Exercise requirements -
Write out all the data verbatim. Skip images.

The data -
———

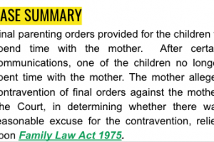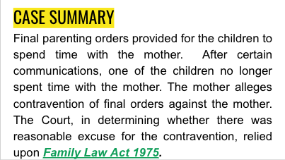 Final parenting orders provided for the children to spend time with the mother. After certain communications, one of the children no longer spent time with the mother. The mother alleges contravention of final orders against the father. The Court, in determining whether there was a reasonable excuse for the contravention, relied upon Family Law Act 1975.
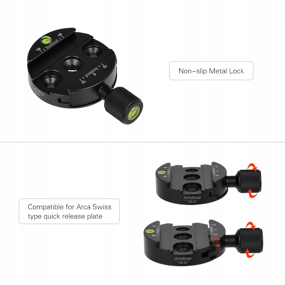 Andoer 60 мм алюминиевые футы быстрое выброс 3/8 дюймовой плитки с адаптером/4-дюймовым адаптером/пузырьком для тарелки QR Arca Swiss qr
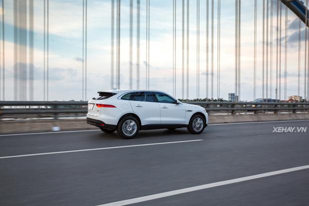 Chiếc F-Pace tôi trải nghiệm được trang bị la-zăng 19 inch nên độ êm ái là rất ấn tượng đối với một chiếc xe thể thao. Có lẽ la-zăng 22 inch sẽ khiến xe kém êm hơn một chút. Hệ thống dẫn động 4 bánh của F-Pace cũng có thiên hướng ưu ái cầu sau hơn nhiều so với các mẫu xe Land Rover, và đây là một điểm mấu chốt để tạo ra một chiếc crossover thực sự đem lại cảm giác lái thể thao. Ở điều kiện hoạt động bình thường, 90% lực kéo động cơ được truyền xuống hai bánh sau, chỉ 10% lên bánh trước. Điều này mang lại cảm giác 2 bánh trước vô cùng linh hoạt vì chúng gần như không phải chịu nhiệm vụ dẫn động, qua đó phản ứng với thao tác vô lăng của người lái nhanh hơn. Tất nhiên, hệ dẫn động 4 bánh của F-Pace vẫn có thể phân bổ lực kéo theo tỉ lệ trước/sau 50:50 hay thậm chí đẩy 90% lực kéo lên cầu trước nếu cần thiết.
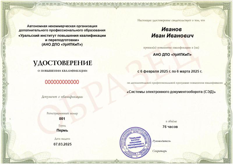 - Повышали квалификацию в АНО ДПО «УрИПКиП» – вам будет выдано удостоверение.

———

Your response -
 Final parenting orders provided for the children to spend time with the mother. After certain communications, one of the children no longer spent time with the mother. The mother alleges contravention of final orders against the father. The Court, in determining whether there was a reasonable excuse for the contravention, relied upon Family Law Act 1975.
 Andoer 60 мм алюминиевые футы быстрое выброс 3/8 дюймовой плитки с адаптером/4-дюймовым адаптером/пузырьком для тарелки QR Arca Swiss qr
 Chiếc F-Pace tôi trải nghiệm được trang bị la-zăng 19 inch nên độ êm ái là rất ấn tượng đối với một chiếc xe thể thao. Có lẽ la-zăng 22 inch sẽ khiến xe kém êm hơn một chút. Hệ thống dẫn động 4 bánh của F-Pace cũng có thiên hướng ưu ái cầu sau hơn nhiều so với các mẫu xe Land Rover, và đây là một điểm mấu chốt để tạo ra một chiếc crossover thực sự đem lại cảm giác lái thể thao. Ở điều kiện hoạt động bình thường, 90% lực kéo động cơ được truyền xuống hai bánh sau, chỉ 10% lên bánh trước. Điều này mang lại cảm giác 2 bánh trước vô cùng linh hoạt vì chúng gần như không phải chịu nhiệm vụ dẫn động, qua đó phản ứng với thao tác vô lăng của người lái nhanh hơn. Tất nhiên, hệ dẫn động 4 bánh của F-Pace vẫn có thể phân bổ lực kéo theo tỉ lệ trước/sau 50:50 hay thậm chí đẩy 90% lực kéo lên cầu trước nếu cần thiết.
 - Повышали квалификацию в АНО ДПО «УрИПКиП» – вам будет выдано удостоверение.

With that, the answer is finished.